An Introduction to t-SNE with Python Example

In this post we’ll give an introduction to the exploratory and visualization t-SNE algorithm. t-SNE is a powerful dimension reduction and visualization technique used on high dimensional data.
c
comments

By Andre Violante, Data Scientist at SAS

Introduction

I’ve always had a passion for learning and consider myself a lifelong learner. Being at SAS, as a data scientist, allows me to learn and try out new algorithms and functionalities that we regularly release to our customers. Often times, the algorithms are not technically new, but they’re new to me which makes it a lot of fun.
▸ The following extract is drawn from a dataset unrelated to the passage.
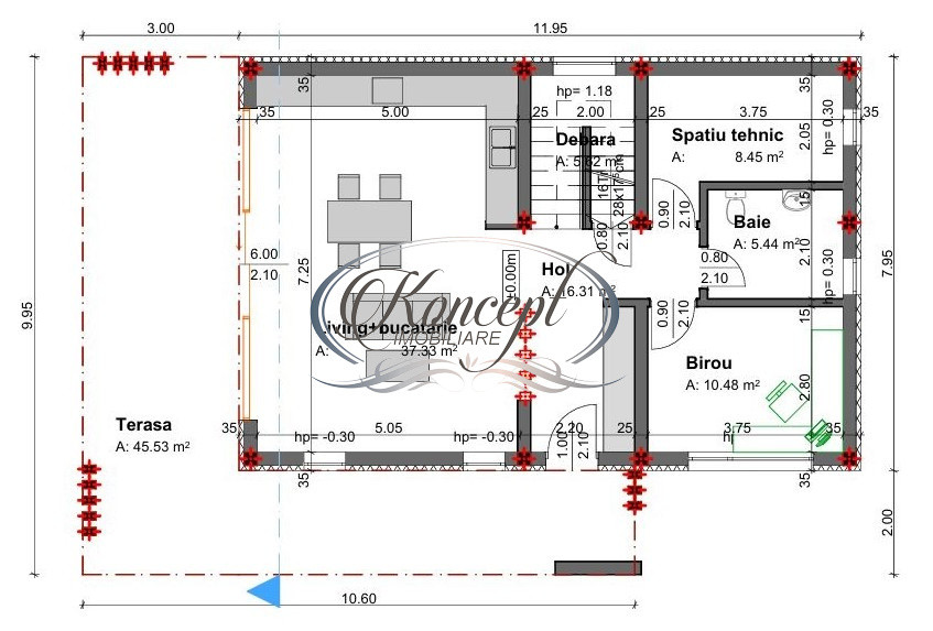 Koncept Imobiliare va ofera spre vanzare o casa individuala situata in partea de vest a localitatii Salicea, intr-o zona rezidentiala apreciata pentru peisajele deschise, liniste si intimitate, cu priveliste deosebita asupra imprejurimilor. Construita pe un teren de 750 mp, cu front de 35 metri, este structurata pe doua niveluri P+E, cu suprafata utila de 144 mp. In plus, proprietatea beneficiaza de o terasa de 45,5 mp, ideala pentru relaxare si petrecerea timpului in aer liber. Compartimentarea este moderna si functionala: la parter se regasesc livingul open space cu bucataria si zona de servit masa, un birou, o camera tehnica si baie. Etajul este destinat zonei de noapte si include dormitorul matrimonial cu dressing si baie proprie, inca doua dormitoare, o baie si un dressing separat. Constructia este realizata din caramida, iar casa se afla in prezent la stadiul de rosu, urmand a fi predata finisata la exterior si semifinisata la interior, cu termen estimat de finalizare in vara anului 2026. Viitorul proprietar va avea posibilitatea de a-si personaliza finisajele interioare in functie de propriile preferinte. Sistemul de incalzire este unul modern si eficient, prin pardoseala, cu pompa de caldura, oferind confort termic ridicat si costuri reduse de exploatare. Accesul se face pe drum public, existand o portiune care urmeaza a fi asfaltata. Curtea permite amenajarea a cel putin patru locuri de parcare, gradina si spatii verzi, zona oferind un nivel bun de intimitate fata de vecinatati. Printre avantajele principale se numara suprafata generoasa a terenului, terasa ampla, compartimentarea eficienta, sistemul de incalzire cu pompa de caldura, privelistea deosebita si pozitionarea intr-o zona frumoasa din Salicea, cu pret competitiv raportat la piata actuala. Pentru informatii suplimentare, programarea unei vizionari sau pentru a afla oferta noastra completa va stam la dispozitie telefonic, prin e-mail sau la sediul agentiei noastre, pe str. Aviator Badescu, nr. 19, Cluj-Napoca.

Recently, I had the opportunity to learn more about t-Distributed Stochastic Neighbor Embedding (t-SNE). In this post I’m going to give a high-level overview of the t-SNE algorithm. I’ll also share some example python code where I’ll use t-SNE on both the Digits and MNIST dataset.

What is t-SNE?

t-Distributed Stochastic Neighbor Embedding (t-SNE) is an unsupervised, non-linear technique primarily used for data exploration and visualizing high-dimensional data. In simpler terms, t-SNE gives you a feel or intuition of how the data is arranged in a high-dimensional space. It was developed by Laurens van der Maatens and Geoffrey Hinton in 2008.

t-SNE vs PCA

If you’re familiar with Principal Components Analysis (PCA), then like me, you’re probably wondering the difference between PCA and t-SNE. The first thing to note is that PCA was developed in 1933 while t-SNE was developed in 2008. A lot has changed in the world of data science since 1933 mainly in the realm of compute and size of data. Second, PCA is a linear dimension reduction technique that seeks to maximize variance and preserves large pairwise distances. In other words, things that are different end up far apart. This can lead to poor visualization especially when dealing with non-linear manifold structures. Think of a manifold structure as any geometric shape like: cylinder, ball, curve, etc.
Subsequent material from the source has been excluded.